Here externalCall being a simple function to extrapolate the values, the only thing it does is printing them on the standard error stream. In this version there is still reference to the input and output AVFrame objects, but as you can notice there is no usage of them, which means that now the testcase is self-contained and does not require any input or output file.

Much better but still too much code to go through. The inner loop over x was simple to remove, just hardwire it to zero and the compiler still was able to reproduce the problem, but if I hardwired y to zero, then the compiler would trigger constant propagation and just pre-calculate the right value, whether or not AVX was in use.

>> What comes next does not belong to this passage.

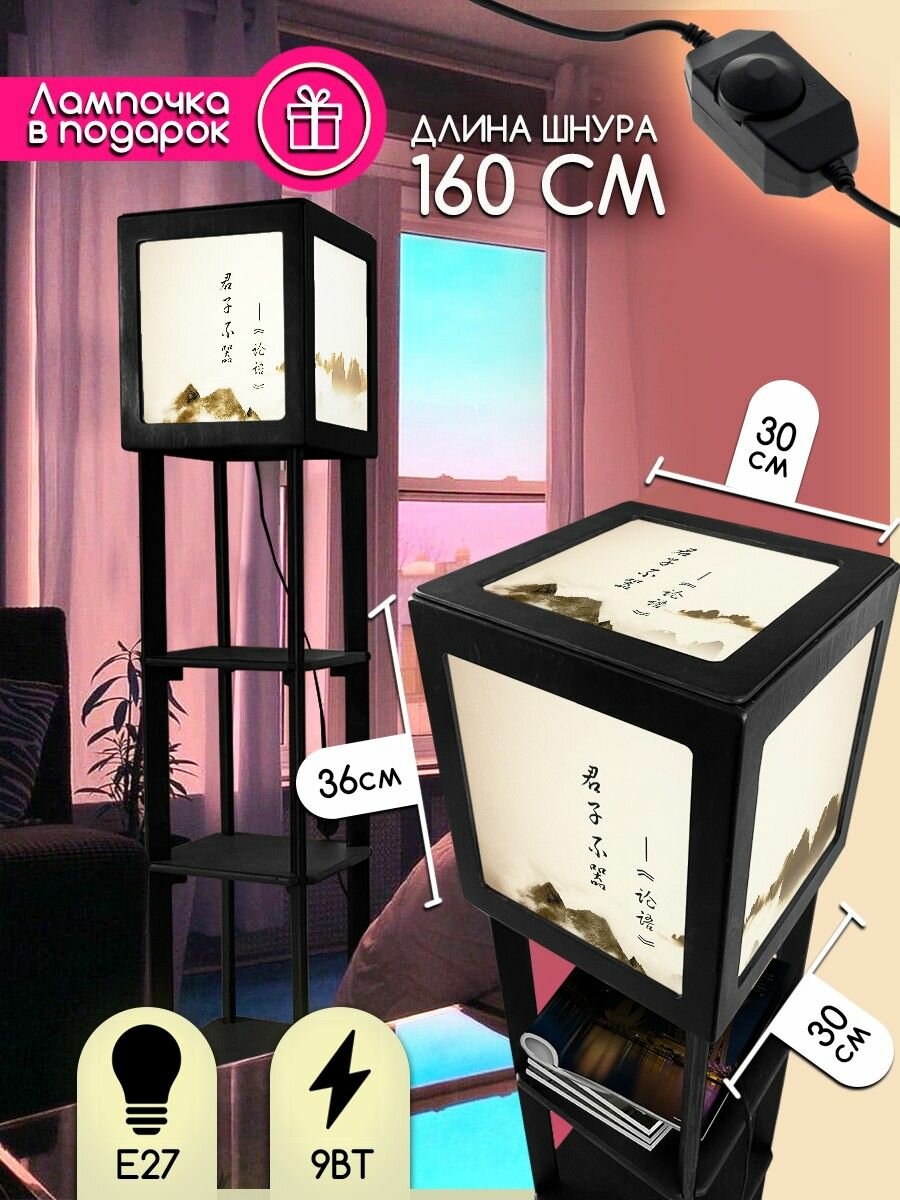 Купить Напольная лампа с полками квадратная, напольный светильник с принтом азия эстетика (япония, пейзаж, горы, иероглифы) - 2022
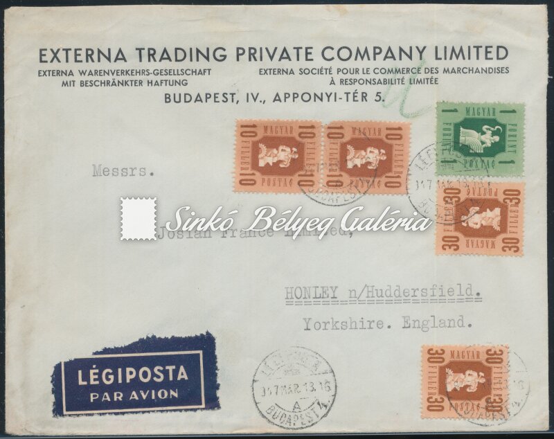 1947.03.13. Ajánlott légiposta levél BUDAPEST-HONLEY

At this point I was able to execute creduce; I only needed to check for the first line of the output to match the “incorrect” version, and no input was requested (the radians value was fixed). Unfortunately it turns out that using creduce with loops is not a great idea, because it is well possible for it to reduce away the y++ statement or the y < h comparison for exit, and then you’re in trouble. Indeed it got stuck multiple times in infinite loops on my code.

But it did help a little bit to simplify the calculation. And with again a lot of help by Måns on making sure that the sinf()/cosf() functions would not return different values – they don’t, also they are actually collapsed by the compiler to a single call to sincosf(), so you don’t have to write ugly code to leverage it! – I brought down the code to

extern void externCall(float);
extern float sinrotation();
extern float cosrotation();

static const float midX = 850.5f;
static const float midY = 1753.5f;

void main() {
    const float srcX = midX * cosrotation() - midY * sinrotation();
    externCall(srcX);
}

No external libraries, not even libm. The external functions are in a separate source file, and beside providing fixed values for sine and cosine, the externCall() function only calls printf() with the provided value. Oh if you’re curious, the radians parameter became 0.6f, because 0, 1 and 0.5 would not trigger the behaviour, but 0.6 which is the truncated version of the actual parameter coming from the test file, would.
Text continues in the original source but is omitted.